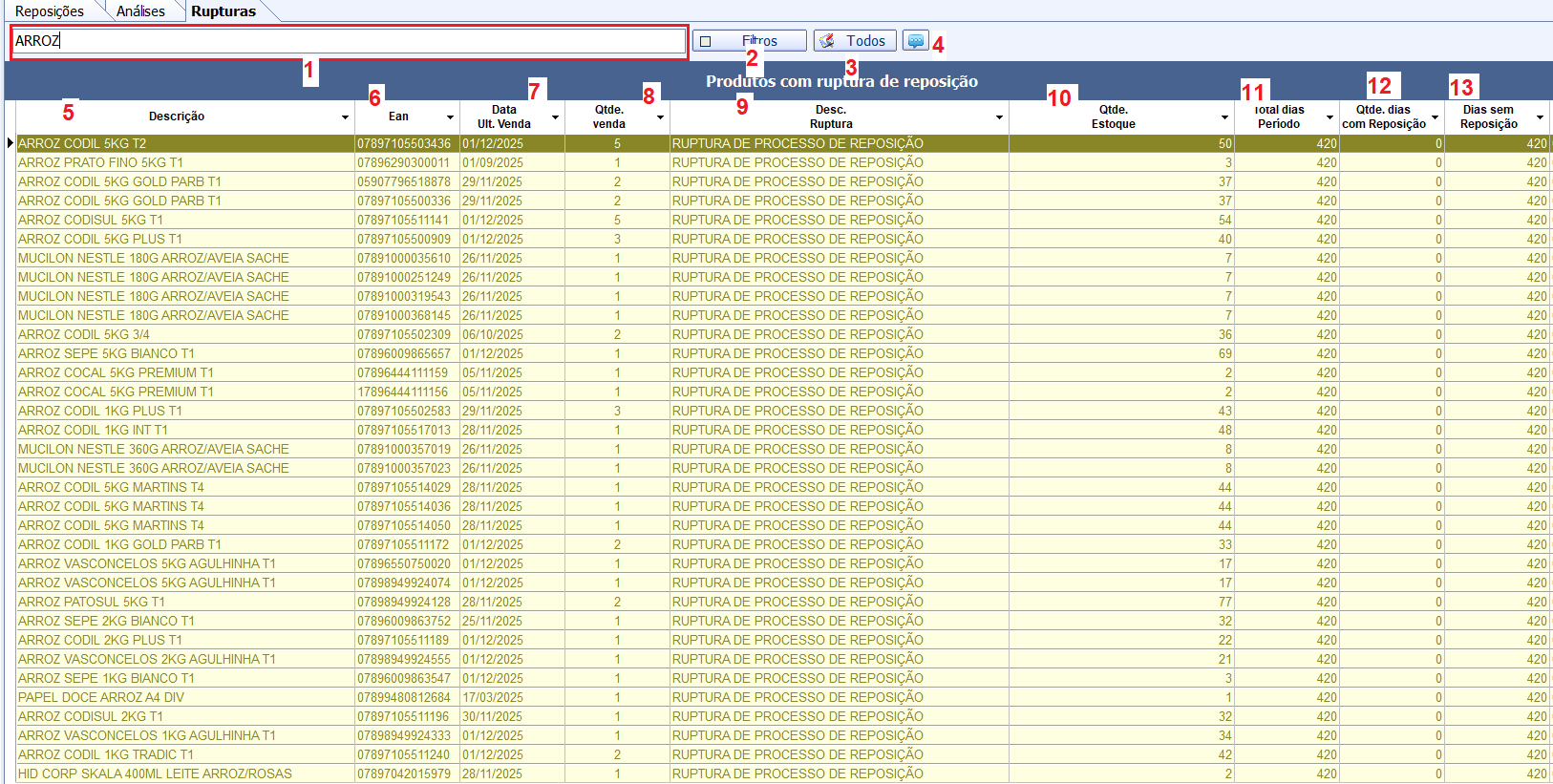 Exibe produtos que se enquadram como ruptura no período:
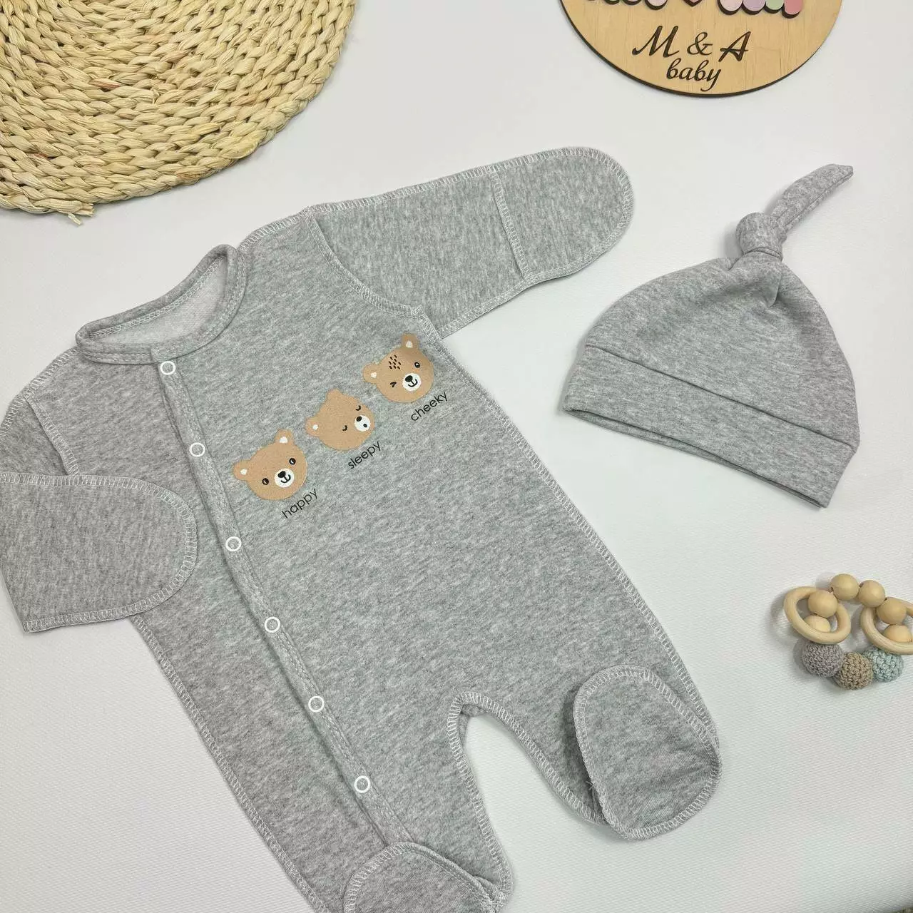 Створіть комфорт та затишок для вашого малюка з цим чудовим комплектом! Чоловічок та шапочка виготовлені з тканини футер начіс, що забезпечує тепло та м'якість навіть в прохолодну погоду. ????????
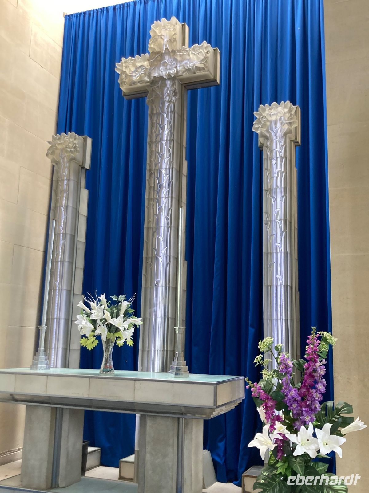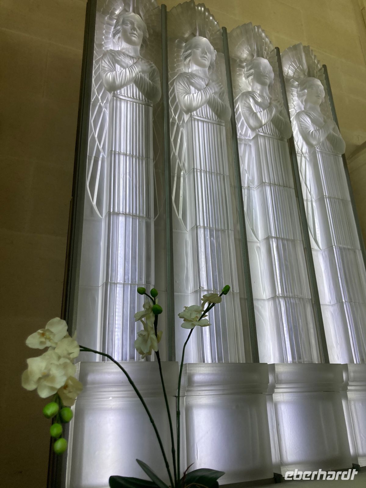 Als kleine Überraschung besuchen wir die Glaskirche in St. Helier. Diese ist an Türen, Fenstern und auch am Altar mit Werken von René Lalique ausgestattet. Die Kirche ist ansonsten schlicht gehalten, aber durch die besonderen Glasskulpturen und Reliefs sehr eindrucksvoll.
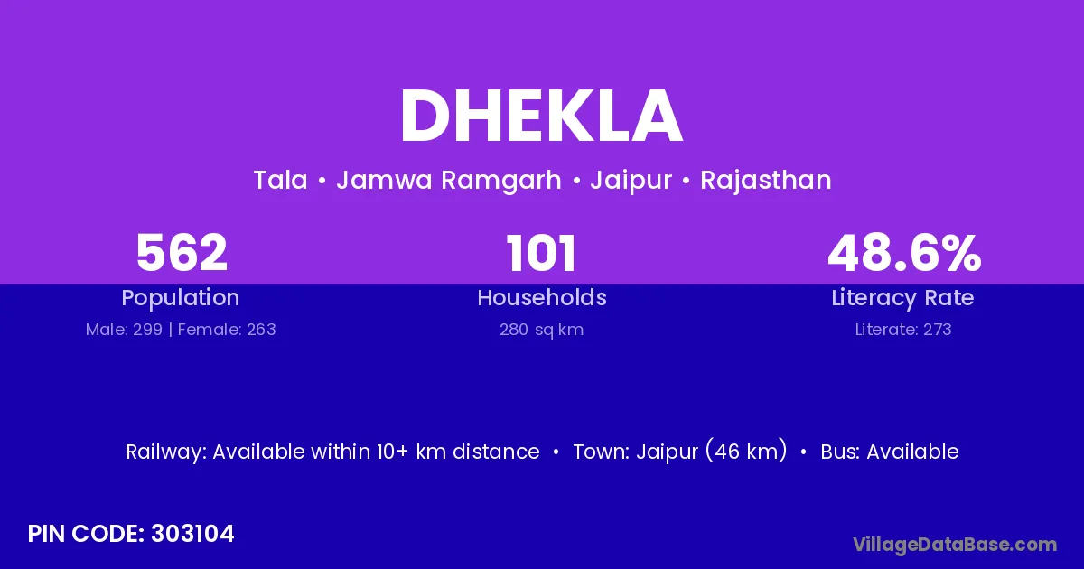 Jaipur (46 km) is the nearest town to Dhekla village for major economic activities and is located approximately 46 km away.
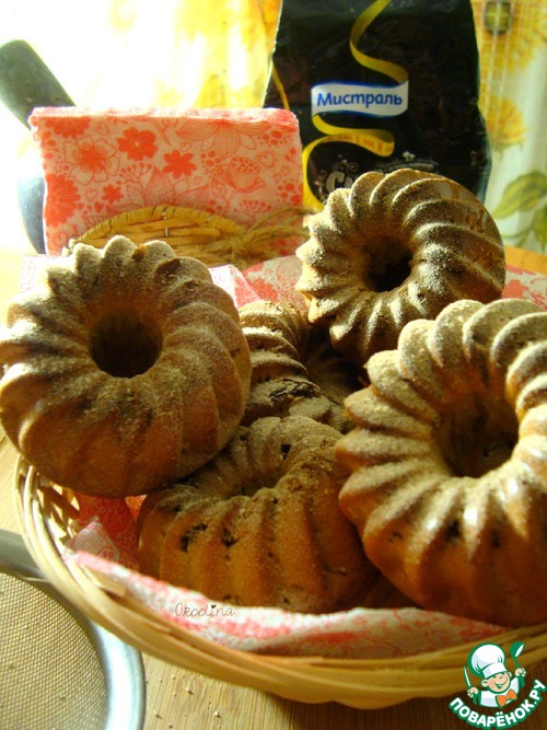 Проверила зубочисткой, вынула из духовки, дала остыть и присыпала сахарной пудрой соединённой с молотой корицей, которую сделала в ступке из сахара Демерара от Мистраль.

• [Description of the task]
In the listing above, find the line with "Als kleine Überraschung" and the line with "Jaipur (46 km)". Copy exactly those lines and all between them, minus the images.

• [Written reply]
 Als kleine Überraschung besuchen wir die Glaskirche in St. Helier. Diese ist an Türen, Fenstern und auch am Altar mit Werken von René Lalique ausgestattet. Die Kirche ist ansonsten schlicht gehalten, aber durch die besonderen Glasskulpturen und Reliefs sehr eindrucksvoll.
 Jaipur (46 km) is the nearest town to Dhekla village for major economic activities and is located approximately 46 km away.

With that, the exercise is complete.